Task details: Nothing but the lines from the first line of the records through the line with "注册下载活动专区自行碰瓷,打够流水就能提。" should be output, exactly as written and free of pictures.

Data extracted from a collection:
┄┄┄┄┄┄
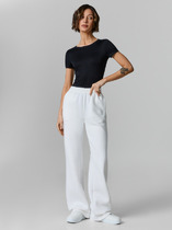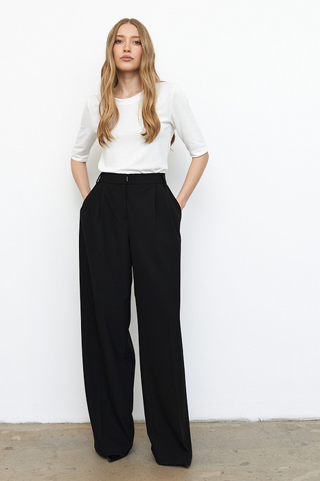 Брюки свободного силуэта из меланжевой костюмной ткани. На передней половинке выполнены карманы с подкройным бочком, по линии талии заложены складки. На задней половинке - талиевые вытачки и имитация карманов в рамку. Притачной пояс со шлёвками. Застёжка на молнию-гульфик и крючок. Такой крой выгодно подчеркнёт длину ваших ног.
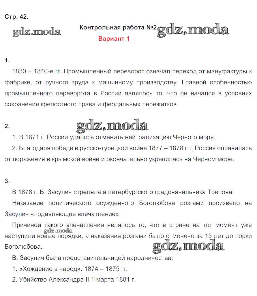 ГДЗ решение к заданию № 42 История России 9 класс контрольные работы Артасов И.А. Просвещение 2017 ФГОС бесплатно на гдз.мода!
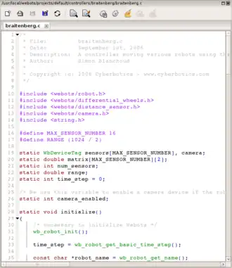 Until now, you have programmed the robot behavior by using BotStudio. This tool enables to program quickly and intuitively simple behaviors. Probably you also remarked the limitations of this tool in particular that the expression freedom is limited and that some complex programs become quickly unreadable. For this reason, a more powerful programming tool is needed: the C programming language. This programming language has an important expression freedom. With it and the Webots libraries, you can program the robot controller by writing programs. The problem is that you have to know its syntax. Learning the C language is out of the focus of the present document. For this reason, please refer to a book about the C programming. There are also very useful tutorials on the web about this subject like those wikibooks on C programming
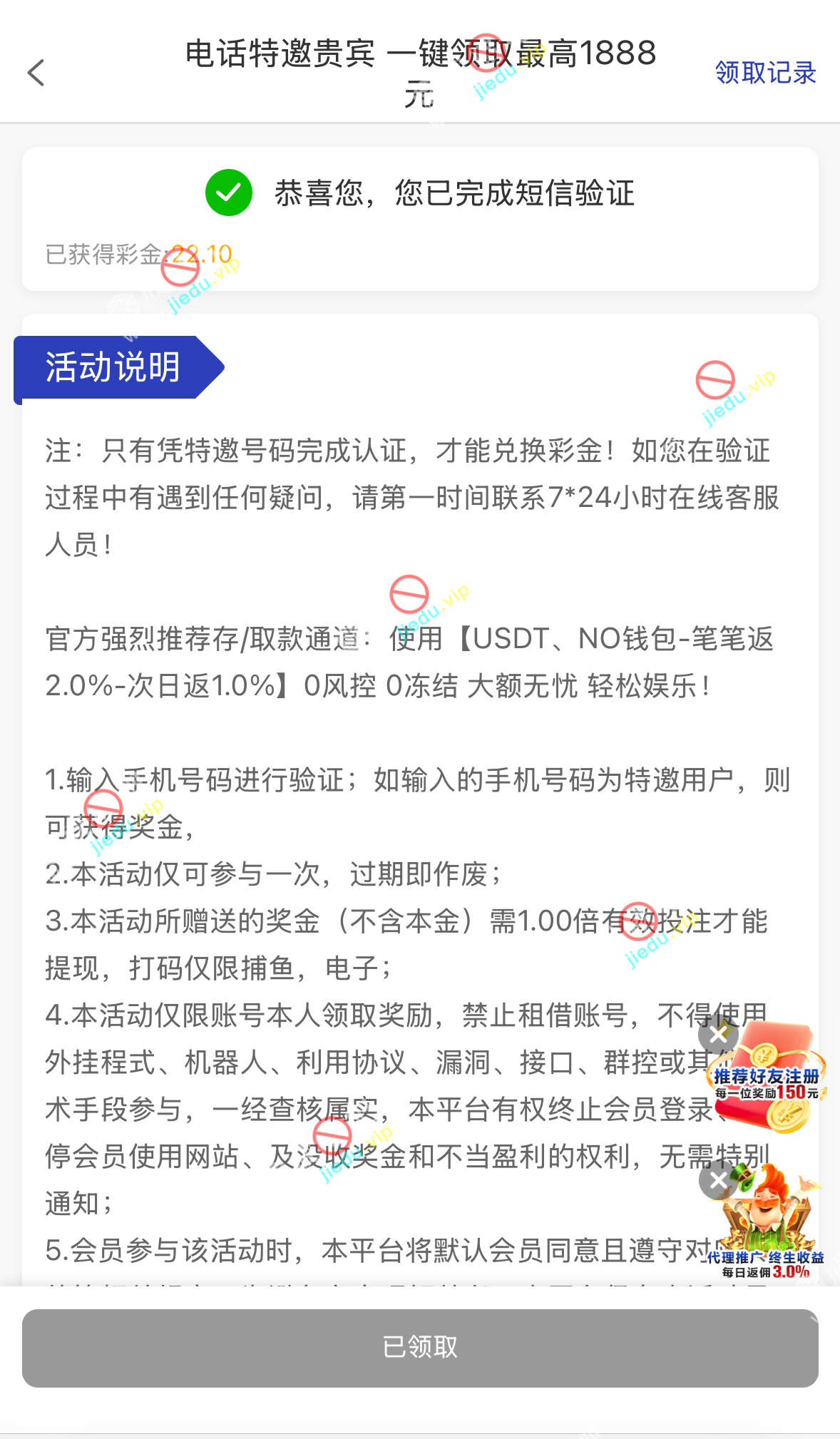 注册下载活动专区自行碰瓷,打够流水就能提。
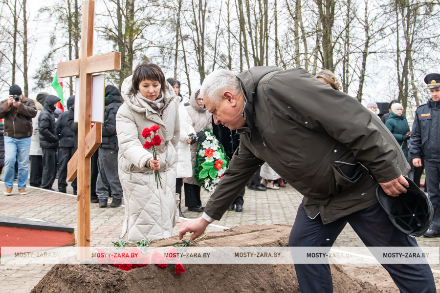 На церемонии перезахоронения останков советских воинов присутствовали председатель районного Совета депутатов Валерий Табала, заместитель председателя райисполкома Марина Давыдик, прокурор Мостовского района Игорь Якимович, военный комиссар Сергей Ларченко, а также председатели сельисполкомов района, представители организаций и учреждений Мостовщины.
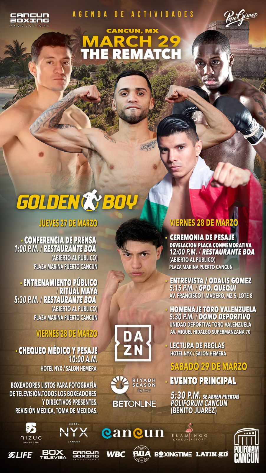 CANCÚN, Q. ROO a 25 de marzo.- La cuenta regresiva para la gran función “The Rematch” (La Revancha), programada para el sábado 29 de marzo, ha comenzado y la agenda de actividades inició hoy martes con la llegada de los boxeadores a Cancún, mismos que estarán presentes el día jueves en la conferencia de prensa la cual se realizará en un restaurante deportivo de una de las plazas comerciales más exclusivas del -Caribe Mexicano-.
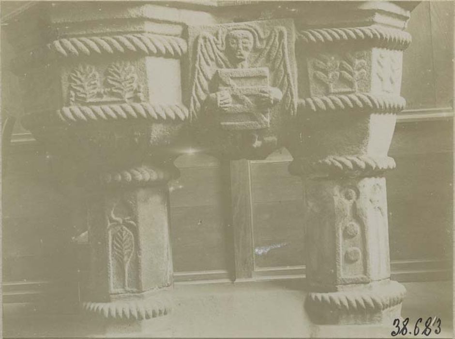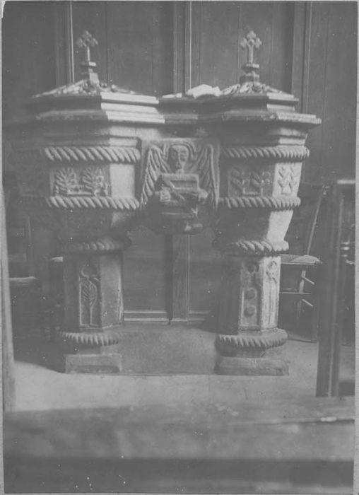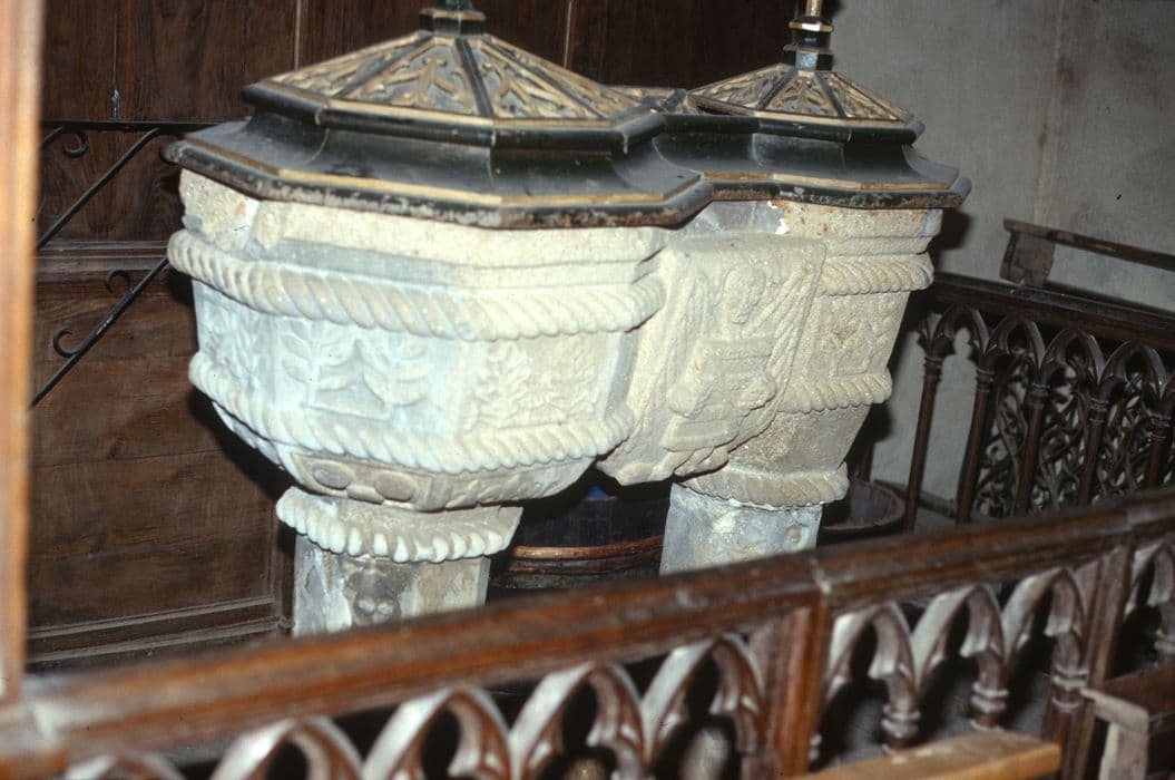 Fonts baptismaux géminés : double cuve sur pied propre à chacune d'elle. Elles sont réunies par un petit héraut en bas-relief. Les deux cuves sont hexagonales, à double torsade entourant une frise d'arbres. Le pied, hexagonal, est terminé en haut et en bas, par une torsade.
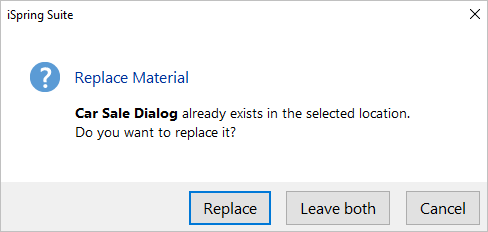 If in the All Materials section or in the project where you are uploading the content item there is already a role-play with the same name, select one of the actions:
┄┄┄┄┄┄
Solution below:
 Брюки свободного силуэта из меланжевой костюмной ткани. На передней половинке выполнены карманы с подкройным бочком, по линии талии заложены складки. На задней половинке - талиевые вытачки и имитация карманов в рамку. Притачной пояс со шлёвками. Застёжка на молнию-гульфик и крючок. Такой крой выгодно подчеркнёт длину ваших ног.
 ГДЗ решение к заданию № 42 История России 9 класс контрольные работы Артасов И.А. Просвещение 2017 ФГОС бесплатно на гдз.мода!
 Until now, you have programmed the robot behavior by using BotStudio. This tool enables to program quickly and intuitively simple behaviors. Probably you also remarked the limitations of this tool in particular that the expression freedom is limited and that some complex programs become quickly unreadable. For this reason, a more powerful programming tool is needed: the C programming language. This programming language has an important expression freedom. With it and the Webots libraries, you can program the robot controller by writing programs. The problem is that you have to know its syntax. Learning the C language is out of the focus of the present document. For this reason, please refer to a book about the C programming. There are also very useful tutorials on the web about this subject like those wikibooks on C programming
 注册下载活动专区自行碰瓷,打够流水就能提。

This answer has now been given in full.